From $$0\in\Bbb N,\,\forall n\in\Bbb N (Sn\in\Bbb N),\,a+0=a,\,a+Sb=S(a+b),\,a\times 0=a,\,a\times Sb=a\times b+a$$and $$\varphi(0)\land\forall n(\varphi(n)\to\varphi(n+1))\to\forall n\in\Bbb N(\varphi(n))$$we'll prove $\forall a,\,b\in\Bbb N(a+b\in\Bbb N)$, and as a separate theorem $\forall a,\,b\in\Bbb N(a\times b\in\Bbb N)$. For both proofs we'll induct on $b$.

First, addition. The case $b=0$ is trivial because $a+0=a\in\Bbb N$. Now we just need the inductive step; if it works when $b=k$ then $a+k\in\Bbb N\implies a+Sk=S(a+k)\in\Bbb N$.

Next, multiplication; the addition result is actually needed in the inductive step.

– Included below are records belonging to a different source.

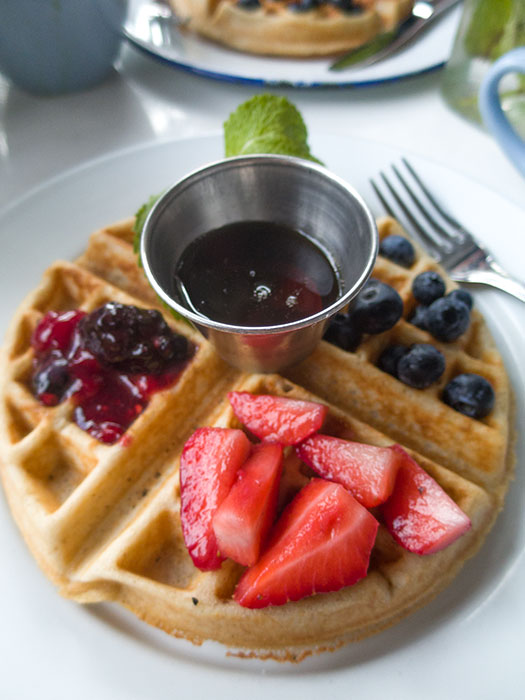 Lunch at The Butcher’s Daughter. Occasionally you find dishes where the vegan version is better than the regular version, and this waffle is a good example. It’s made of rice flour and served with fresh fruit, local berry compote, and revolutionary vegan whipped strawberry-butter.
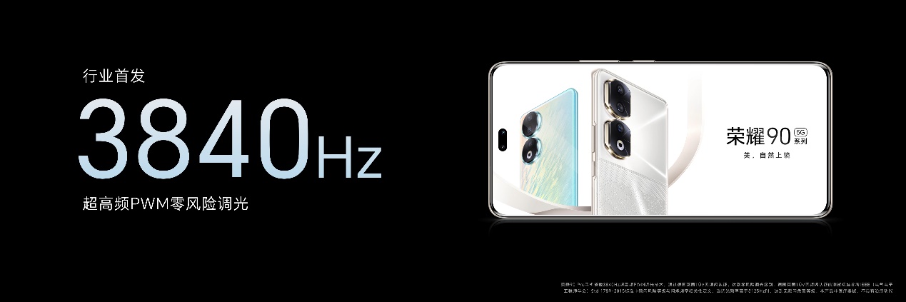 榮耀一直致力為用戶提供頂級的護(hù)眼體驗及前瞻性的屏幕技術(shù)創(chuàng)新。此次榮耀90系列創(chuàng)新帶來“零風(fēng)險調(diào)光護(hù)眼屏”,全球首發(fā)行業(yè)最高3840Hz超高頻PWM調(diào)光,并獲得TüV萊茵無頻閃認(rèn)證,帶領(lǐng)行業(yè)邁入屏幕頻閃零風(fēng)險調(diào)光時代。超高頻的PWM調(diào)光還擁有優(yōu)于DC調(diào)光低亮度顯示效果不佳的優(yōu)勢,克服了低頻PWM調(diào)光易導(dǎo)致視覺疲勞的問題,能夠兼顧飽滿色彩和護(hù)眼體驗。根據(jù)IEEE Std1789-2015國際標(biāo)準(zhǔn),當(dāng)屏幕閃爍頻率大于3125Hz時,頻閃對人眼無風(fēng)險。
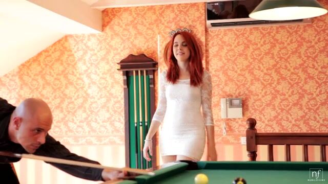 Total hottie Amarna Miller is dressed to the nines in a tight white dress and high heels, all for the sake of seducing Figo. She interrupts his pool game with a request that he show her how to play, but it's really just a ploy to get Figo's attention so that he'll enjoy everything she has to offer.Searing kisses quickly turn to more as Amarna allows herself to be pushed backwards onto the pool table so that Figo can have easy access to her panty-clad pussy. He pulls her underwear aside to sample Amarna's pussy juices, and once he decides he likes what he tastes he takes them off entirely for better access.Amarna isn't about to let her lover go unsatisfied, so after enjoying Figo's attentions for a while she gets down on her knees and helps him out of his pants. Once Figo's cock is freed, Amarna eagerly takes it in her mouth and starts sucking until she is deep throating his dick, using her hands and lips with expertise to elicit moans of pleasure her man.Finally Figo gets the chance to push deep into Amarna's creamy twat when she stands up and bends over the table to present her landing strip pussy for his pleasure. Within moments Figo is pounding away, enjoying Amarna's tight fuck hole. They keep up like that until Amarna is groaning her pleasure at the orgasmic ecstasy sweeping through her.When it's time to change things up, Amarna leans back against the wall for some standing sex that is instantly fast and furious and totally to the redhead's liking. As her body quakes with another climax, Amarna turns around so that Figo can once again take her from behind with strokes hard enough to make her small boobs bounce.The couple finishes their frantic lovemaking with Amarna back on the pool table. Her legs are spread as wide as they'll go while Figo delivers a rough pussy pounding in Amarna's landing strip twat that sends her screaming to pleasure town one final time. The last orgasm does Figo in, and a second later he pulls out of Amarna's pulsing snatch and loses his load all over her fuzzy red haired mound.

Again, $b=0$ is trivial because $a\times 0=0\in\Bbb N$. Now the inductive step, assuming $a\times k$ exists; then $a\times Sk=(a\times k)+a$ is the sum of two elements of $\Bbb N$, completing the proof by the above result.

You may also wish as an exercise to use this result about multiplication to in turn prove $a^b\in\Bbb N$ using $a^0=1,\,a^{Sb}=a^b\times a$.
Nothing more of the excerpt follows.